The moves starting to be made in the NHS now echo what happened in the spring when hospitals were forced to turf out inpatients and postpone thousands of operations and appointments so they could make way for the wave of Covid patients the nation expected.
Millions of people are feared to have missed out on cancer scans, consultations or treatments while hospitals ran reduced service, while A&E attendances plummeted to fewer than half the usual numbers.
This time around health chiefs in Liverpool hope patients will still be treated at ‘alternative locations’ and that both cancer and urgent surgeries will be prioritised ‘where possible’.
Sounding a grim warning about the threat of Covid-19, England’s deputy chief medical officer Professor Jonathan Van-Tam and NHS medical director Professor Stephen Powis yesterday revealed the number of Covid-19 patients in hospital is now higher than before the blanket lockdown was imposed in March.
In a televised Downing Street briefing laying bare the data that Boris Johnson will use to plunge millions of people into ever deeper lockdowns, the pair warned that levels could even top the spring’s peak within four weeks.
It came as another NHS trust in the North told thousands of patients waiting for routine operations they may need to wait up to two years to be seen. One top expert called the move ‘outrageous’, saying: ‘We need to get back to normal urgently.’
Hull University Teaching Hospitals NHS Trust has written to patients informing them that it is aiming to see them as quickly as possible within the next 24 months, leaving angry patients fearing they may be dead by the time they get an appointment.
The Health Service Journal claims to have seen a memo sent to staff at Liverpool University Hospitals Foundation Trust, which says bosses are taking a ‘phased approach to reducing our elective programme’.
And data presented by Professor Van-Tam and Professor Powis in the Downing St briefing today showed almost 250 of the hospital’s near-1,300 beds are currently taken up by Covid-19 patients.
NHS England statistics show this rate has more than doubled since the start of the month, when 95 coronavirus-infected patients were receiving care across the trust’s four hospitals.

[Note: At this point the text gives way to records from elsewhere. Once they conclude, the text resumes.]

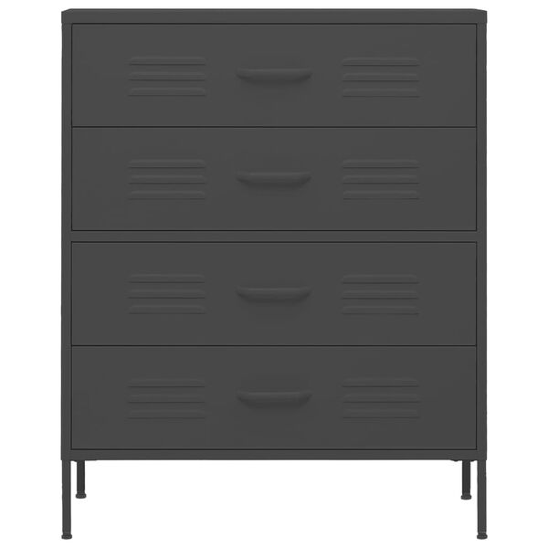 This chest of drawers with practical design is a real eye-catcher for your home decor. This side cabinet, featuring a steel construction, is sturdy and durable. There are levellers on the bottom to adjust the height according to your needs. The drawers can be fully extended and are ideal for keeping all kinds of smaller items organised and within reach. Drawers with ballbearing runners ensure smooth opening and closing, even under increased load.
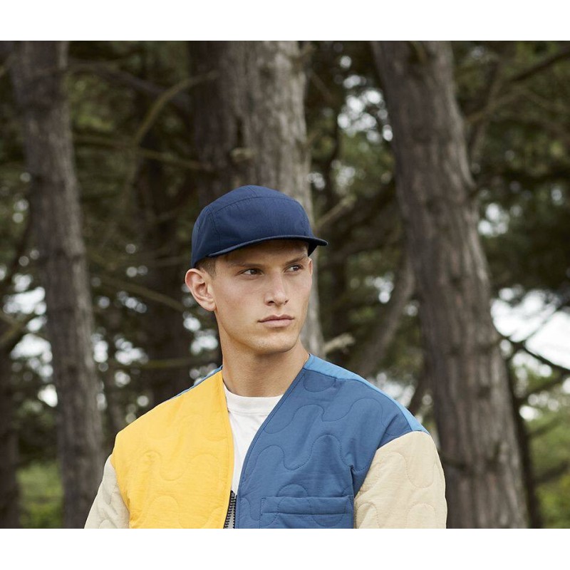 Imperméable à l'eau et perméable à l'air. 5 panneaux. Fermeture par élastique en toile et boucle de serrage discrète.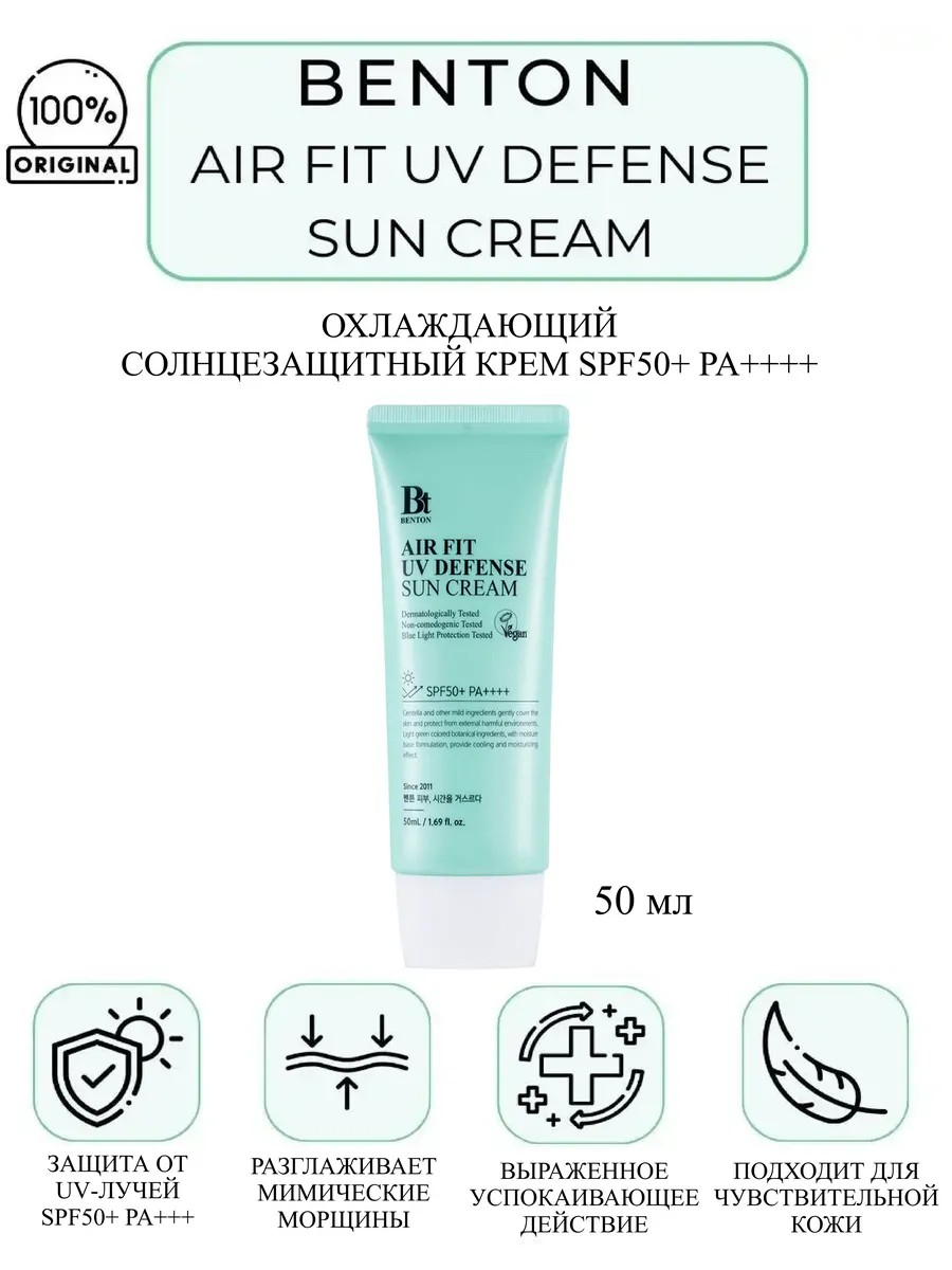 Охлаждающий солнцезащитный крем Benton спф Air Fit UV Defense Sun Cream SPF50+ PA++++ подходит даже для самой чувствительной кожи, обладает выраженным успокаивающим действием, снимает зуд и раздражения после долгого пребывания на солнце.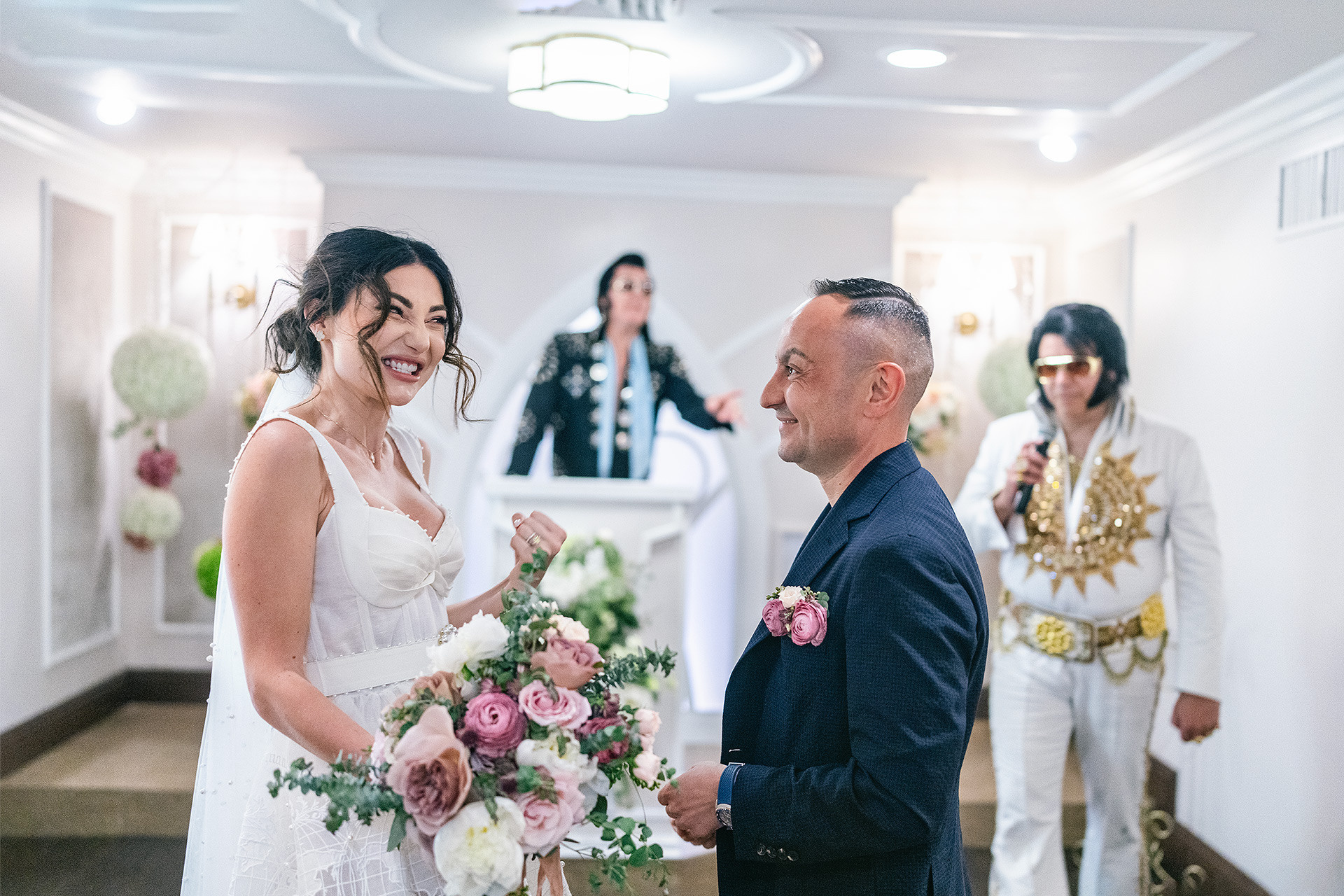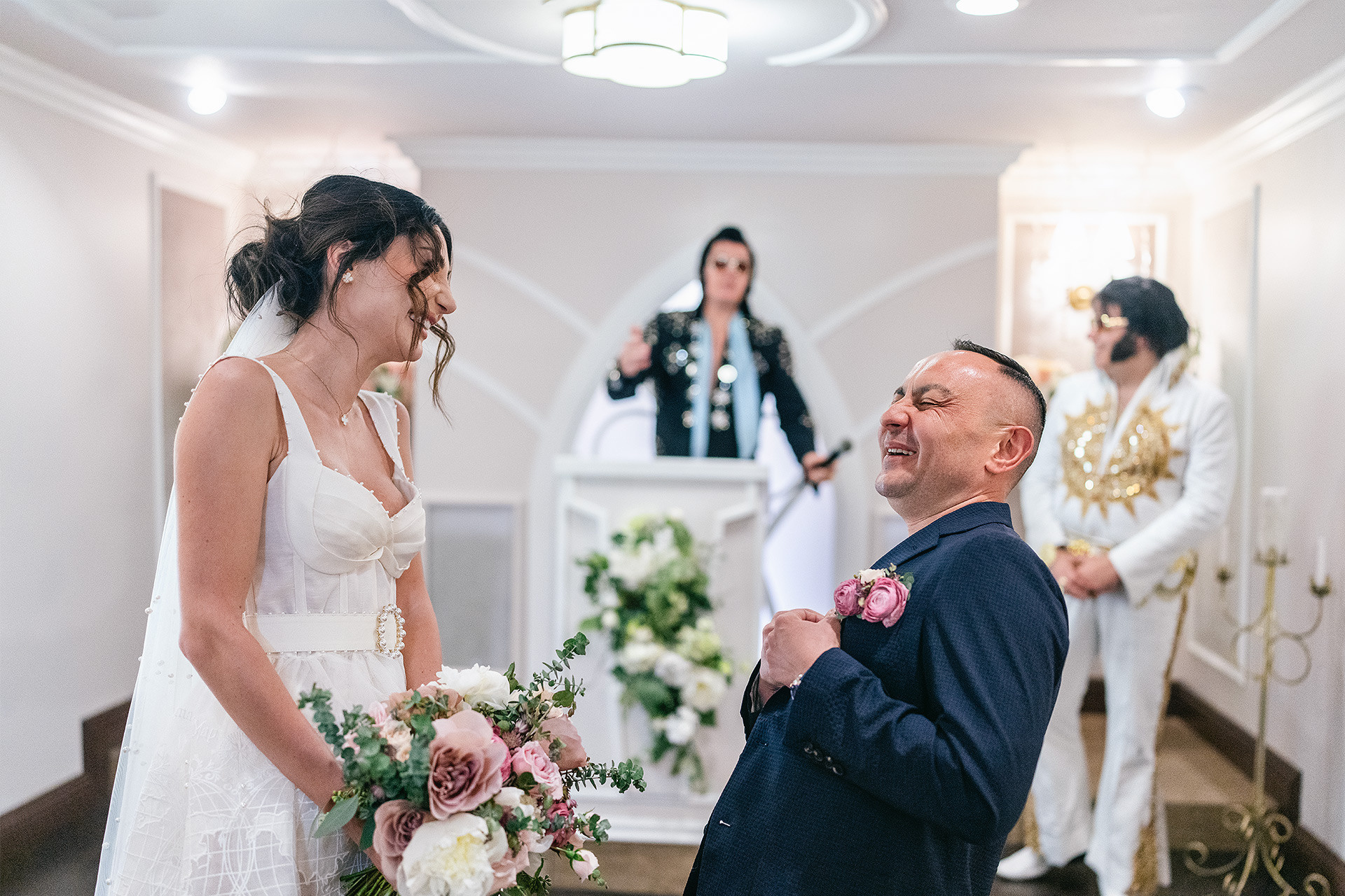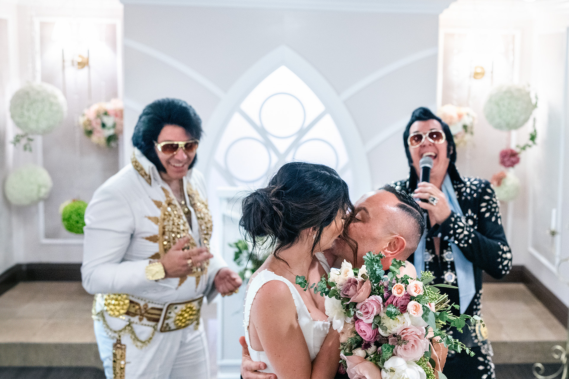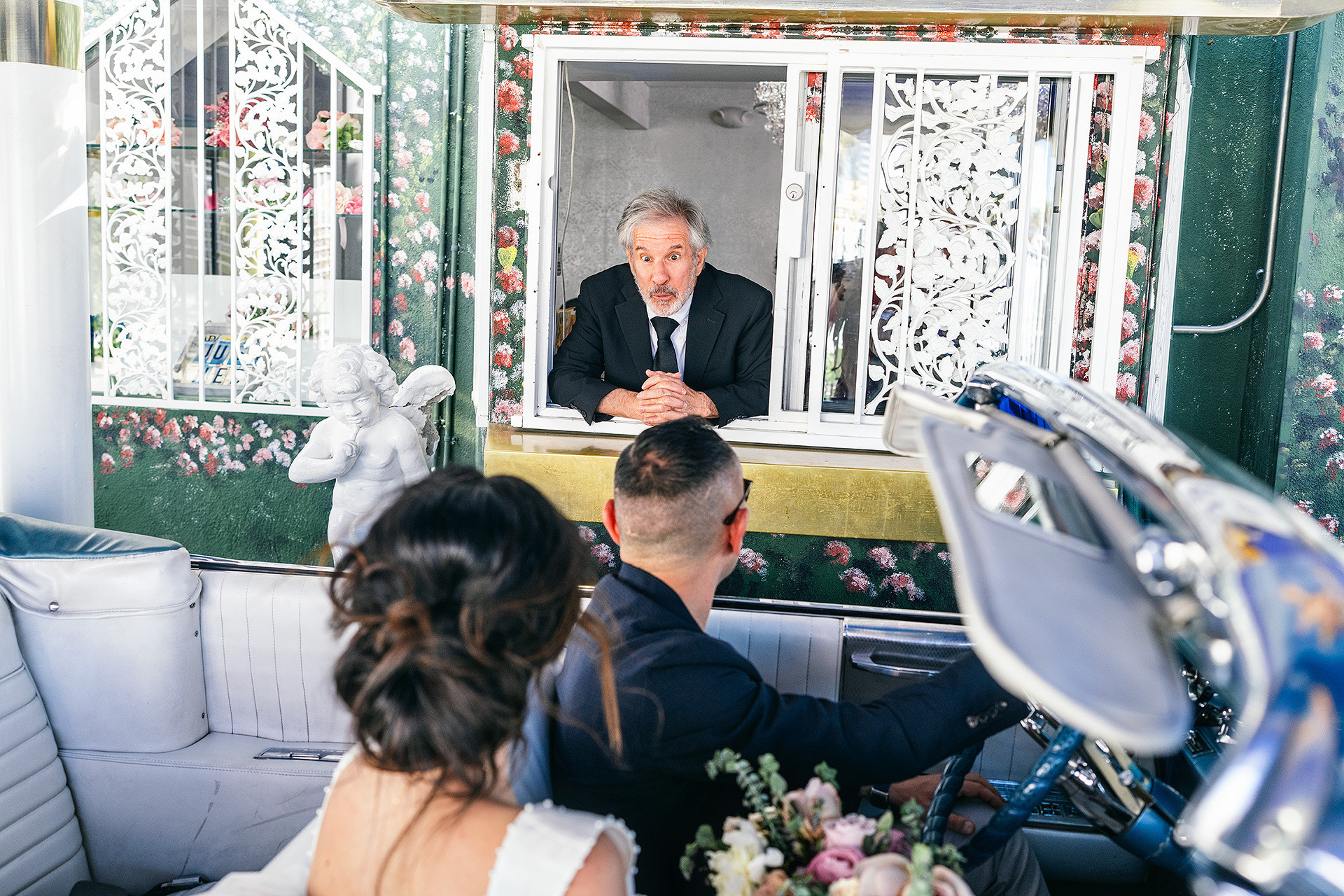 A drive-thru ceremony in a vintage convertible and a tiny chapel with two Elvis impersonators — pure joyful madness that perfectly reflected who they are.
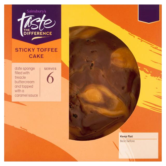This Taste the Difference offering features a rich date sponge base crafted for deep flavour. The sponge is generously filled with a smooth treacle buttercream layer, creating a satisfying texture contrast.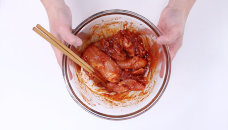 Làm sốt ướp bằng cách trộn đều tương ớt, dấm gạo, mật ong, tỏi băm, muối và tiêu trong một chiếc tô lớn.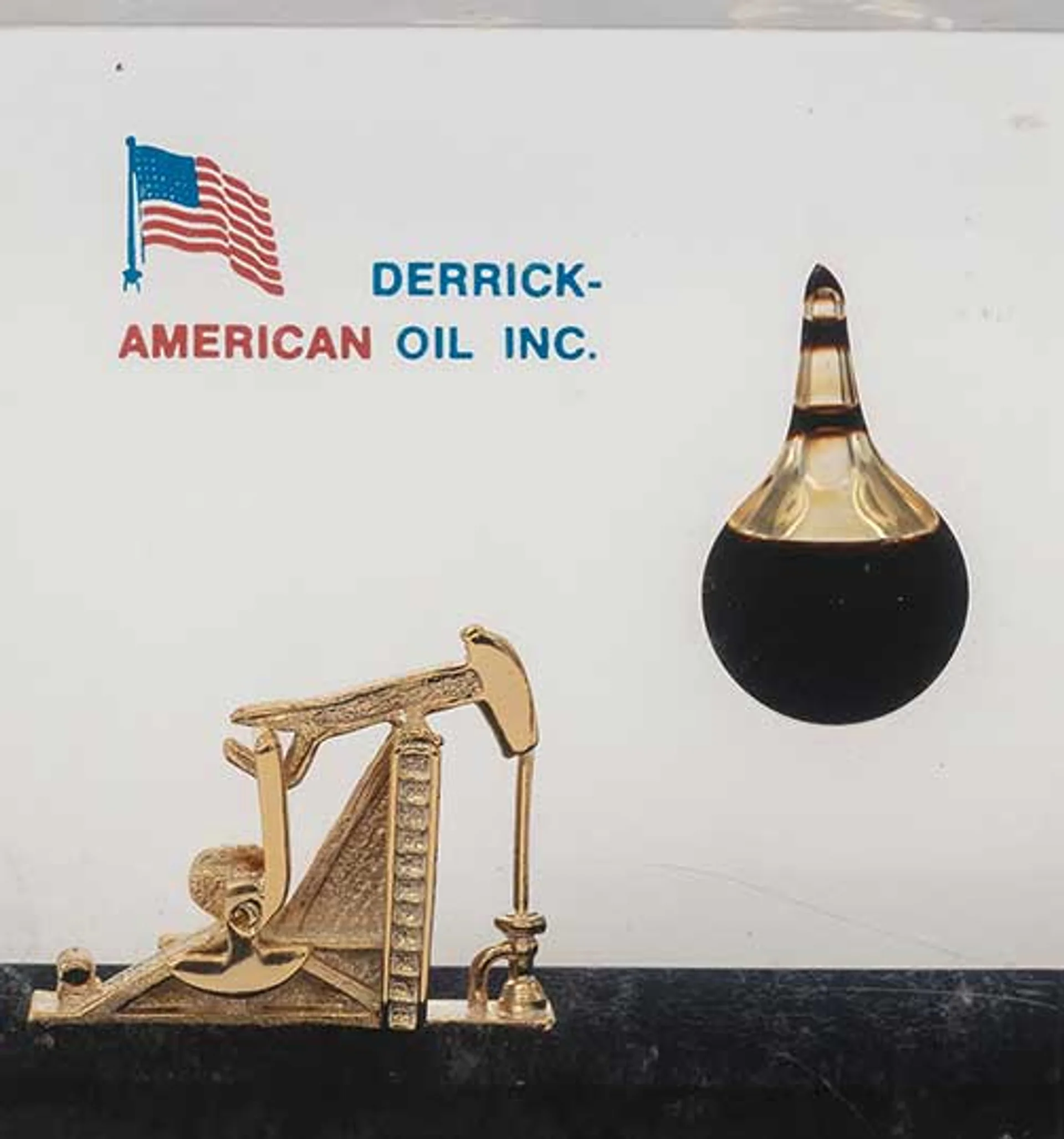 I was initially just curious to see if I could buy crude oil online; to see how accessible it is to the average civilian. Instead of yielding a bottle of crude oil, the first result on eBay was one of these paperweights: a clear acrylic cube with a sand-coloured layer at the bottom. Embedded within it, is a blown-glass teardrop chamber that contains crude oil. I just thought it was the perfect little landscape sculpture.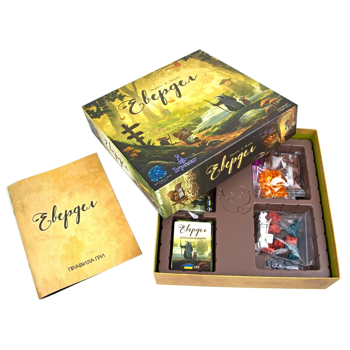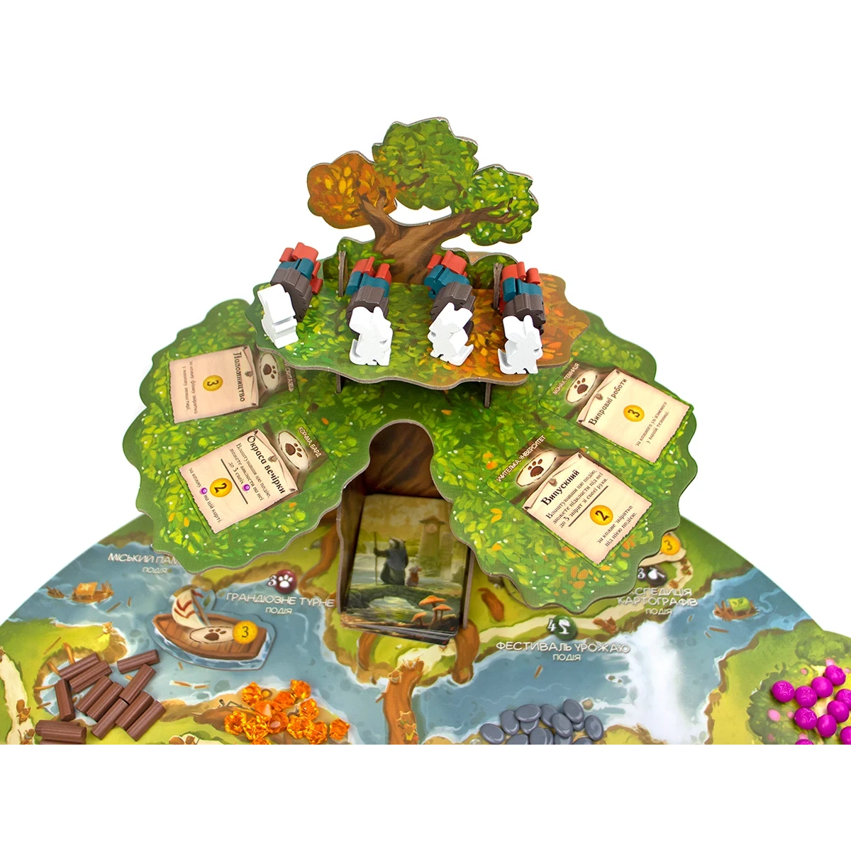 Неймовірно красиве євро про будівництво звірячої цивілізації під покровом Могутнього Вседрева. Це захоплива динамічна гра на будування карткового рушія та розміщення робітників зі зворушливими ілюстраціями та чудовими компонентами – звірятами-міплами, реалістичними ресурсами та величезним тривимірним деревом.

‘It is clear that hospital admissions are rising fastest in those areas of the country where infection rates are highest, particularly the North West,’ Professor Powis told the No10 briefing yesterday.
And Professor Van-Tam warned the situation will get worse before it gets better.
He added: ‘Hospital admissions we have now actually relate to a time when there were fewer cases of Covid-19, and what I’m trying to say here is that already, with the cases that we know about, we have baked in additional hospital admissions and, sadly, we also have baked in additional deaths that are now consequent upon infections that have already happened.’